Areas of Nomination: Literacy & Special Education Instruction
School: Marguerite Mulvey Elementary School
District: Central Islip Union Free School District
Region: Long Island
Grade Level: Elementary
The practice is also featured as a Mentor School.
Marguerite Mulvey Elementary School, a bilingual magnet school in the Central Islip School District, has responded successfully to the needs of their bilingual students with disabilities. Literacy instruction is provided in both English and the students' native language and aligned with scientifically based reading research and evidence based practice for language acquisition.
Central Islip Union Free School District, located in Suffolk County, Long Island, serves approximately 6,200 students. Fifty-seven percent of district students are eligible for free or reduced lunch, and 26% are limited English proficient. Seventy-eight percent of the almost 600 students enrolled Marguerite Mulvey Elementary School are eligible for free/reduced lunch, 77% percent are Hispanic or Latino, 18% are Black or African American, and 4% are white.
The bilingual special education model at Marguerite Mulvey Elementary School includes a first grade inclusion class and two self-contained classes (a multi-age class service 2nd and 3rd grade students and a 4th grade classroom). The literacy model incorporates the tenets of Reading First as well as specific research based strategies for differentiation and individualized learning. Data collection and analysis guide instruction at all levels with decisions being made collaboratively by a multidisciplinary team. Teachers, administrators, service providers, and support staff collaborate at regularly-scheduled team meetings to discuss individual student and classroom instructional options as well as to make programmatic decisions.
Why was the practice initiated:
Marguerite Mulvey Elementary School serves as one of the district's magnet schools for bilingual students. The bilingual special education program was created in response to the increasing number of referrals of bilingual students to the Committee on Special Education. This transitional bilingual model was designed to address the unique needs of students with disabilities who are not native English language speakers. The model incorporates scientifically-based reading instruction and evidence-based practices enhanced by special education supports and services, allowing students to achieve English language proficiency while learning skills in their native language.

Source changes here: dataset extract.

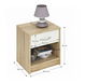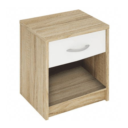 Jednoduchý nočný stolík v prevedení dub sonoma s jednou zásuvkou v bielej farbe v hornej časti a poličkou v časti dolnej.
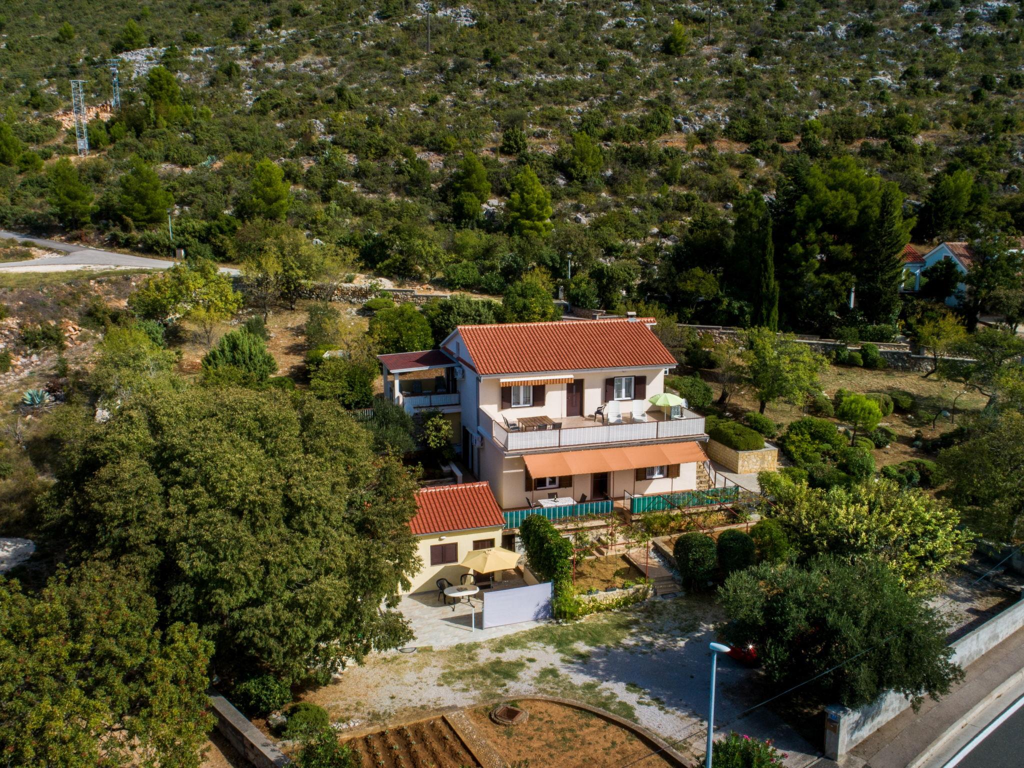 Seline: Apartment house "Ana". 2.5 km from the centre of Seline, 5.5 km from the centre of Starigrad, in a sunny position, 20 m from the sea, 50 m from the beach, road to cross. For shared use: property 2'000 m2 (fenced) with lawn and trees. Outdoor shower. In the house: internet access. Parking at the house on the premises. Supermarket 2.5 km, restaurant 2.3 km, bus stop 4.4 km, pebble beach, concrete beach 50 m. Nearby attractions: NP Paklenica 5 km.

Why the practice was validated by S³TAIR:
The Marguerite Mulvey Elementary School bilingual special
education model for literacy emphasizes two key elements of
effective instructional practices for English language learners:
student achievement and family engagement. Student outcomes
demonstrate the power of the practice, with the percentage of
students achieving benchmark at the fall assessment in Grades 2
and 3 increasing from 20% to 50% since the inception of the
practice, indicating that students are acquiring literacy skills
and retaining them year to year. Student achievement on winter
benchmarks is approaching 70%. Scores on the New York State
Assessment in English Language Arts for all students at
Marguerite Mulvey Elementary School have risen from 40 to 60
percent achieving proficiency in Grade 3 and 30 to 70 percent
achieving proficiency in Grade 4 from 2007 to 2009. According to
teachers, this data-intensive model allows them to use more
individualized instructional practices with all their students,
resulting in a reduction of referrals to the Committee on
Special Education. Special education teachers report that the
availability of data serves as a resource for developing more
specific and appropriate IEP goals.
The staff at Marguerite Mulvey Elementary School recognize the impact family support can have on student performance, and put great effort into involving families throughout the year. In addition to a consistent stream of communication through newsletters, strategies such as informational sessions, dine and discuss forums, and other community-related events are successful elements of this support. Student attendance at Marguerite Mulvey Elementary School has increased from 83 to 96 percent over the past six years, and the principal describes discipline issues as almost nonexistent. Staff believe that improvements in attendance and achievement can be attributed to increased engagement, expectations, and achievement gained through family support.